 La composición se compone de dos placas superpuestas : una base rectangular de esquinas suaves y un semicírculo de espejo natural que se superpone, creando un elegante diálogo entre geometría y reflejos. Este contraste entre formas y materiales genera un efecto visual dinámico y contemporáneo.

...

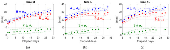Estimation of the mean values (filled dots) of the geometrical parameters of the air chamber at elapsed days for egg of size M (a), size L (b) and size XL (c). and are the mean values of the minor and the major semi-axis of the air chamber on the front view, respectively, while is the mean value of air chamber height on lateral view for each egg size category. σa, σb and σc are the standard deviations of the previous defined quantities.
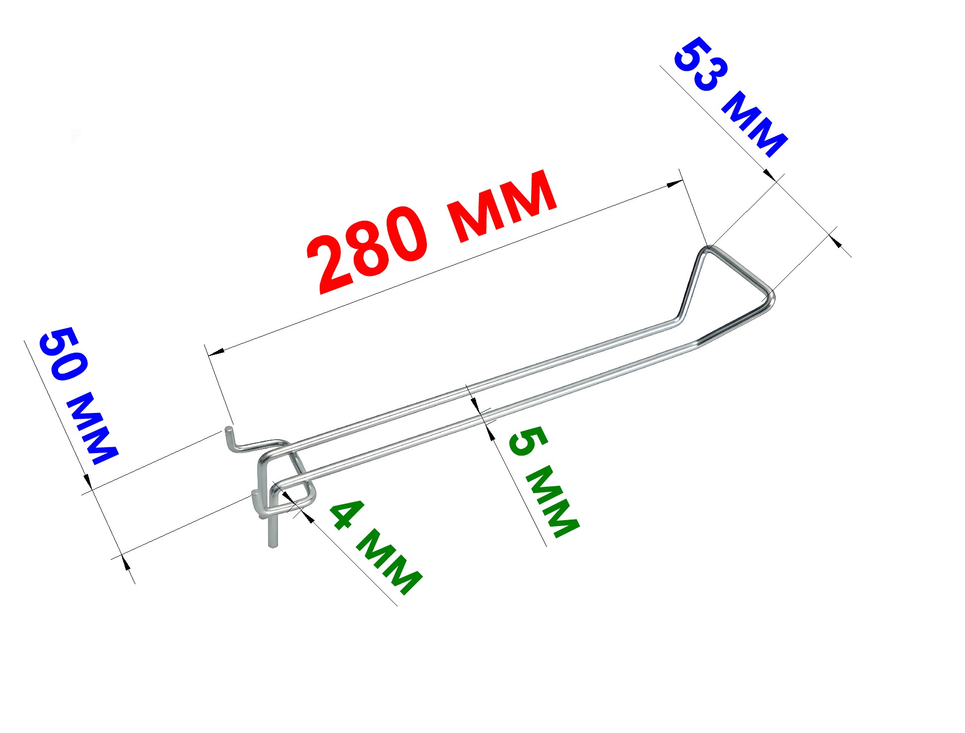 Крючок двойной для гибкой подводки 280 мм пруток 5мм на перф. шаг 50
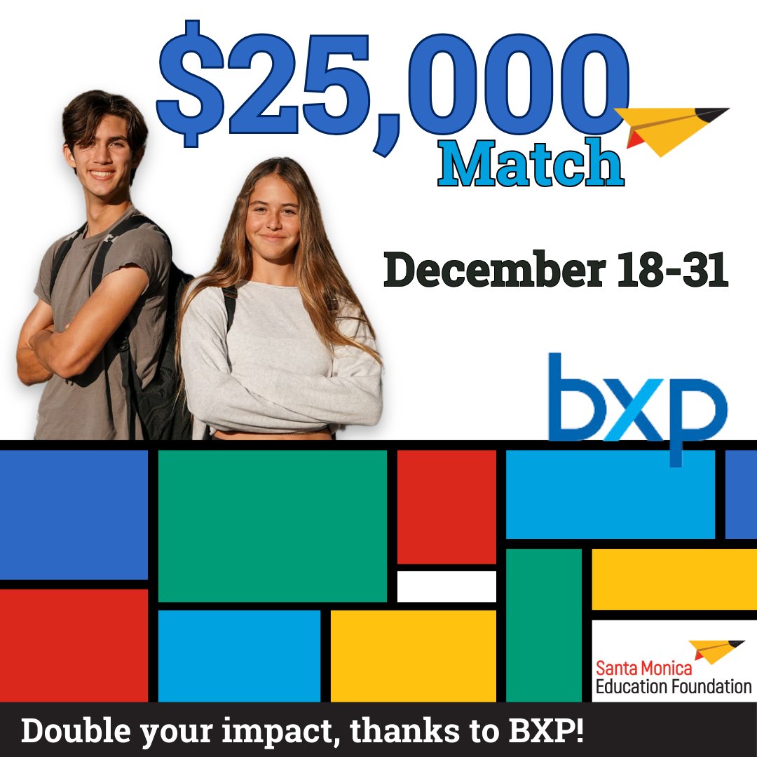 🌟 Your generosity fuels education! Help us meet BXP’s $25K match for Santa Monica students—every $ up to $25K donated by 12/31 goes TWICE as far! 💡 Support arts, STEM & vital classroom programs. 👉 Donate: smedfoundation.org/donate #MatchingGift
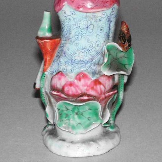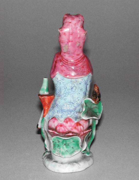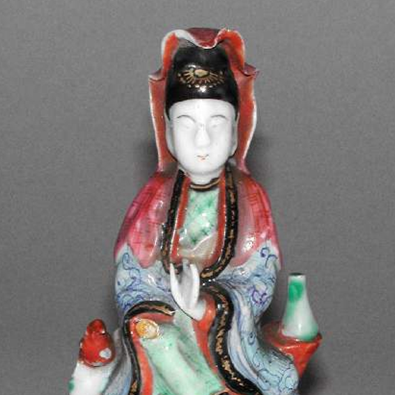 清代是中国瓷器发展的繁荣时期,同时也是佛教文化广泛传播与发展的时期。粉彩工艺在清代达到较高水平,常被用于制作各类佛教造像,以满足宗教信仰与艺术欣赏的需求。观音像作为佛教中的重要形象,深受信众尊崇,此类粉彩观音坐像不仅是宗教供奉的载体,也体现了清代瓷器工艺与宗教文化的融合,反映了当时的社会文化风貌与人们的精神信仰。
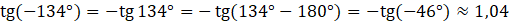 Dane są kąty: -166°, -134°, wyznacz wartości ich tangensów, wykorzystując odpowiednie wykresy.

Task objective: Set the pictures aside and retype exactly the lines above from the line with "清代是中国瓷器发展的繁荣时期" to the line with "Dane są kąty: -166°, -134°, wyznacz", both included, adding no others.

Task output:
 清代是中国瓷器发展的繁荣时期,同时也是佛教文化广泛传播与发展的时期。粉彩工艺在清代达到较高水平,常被用于制作各类佛教造像,以满足宗教信仰与艺术欣赏的需求。观音像作为佛教中的重要形象,深受信众尊崇,此类粉彩观音坐像不仅是宗教供奉的载体,也体现了清代瓷器工艺与宗教文化的融合,反映了当时的社会文化风貌与人们的精神信仰。
 Dane są kąty: -166°, -134°, wyznacz wartości ich tangensów, wykorzystując odpowiednie wykresy.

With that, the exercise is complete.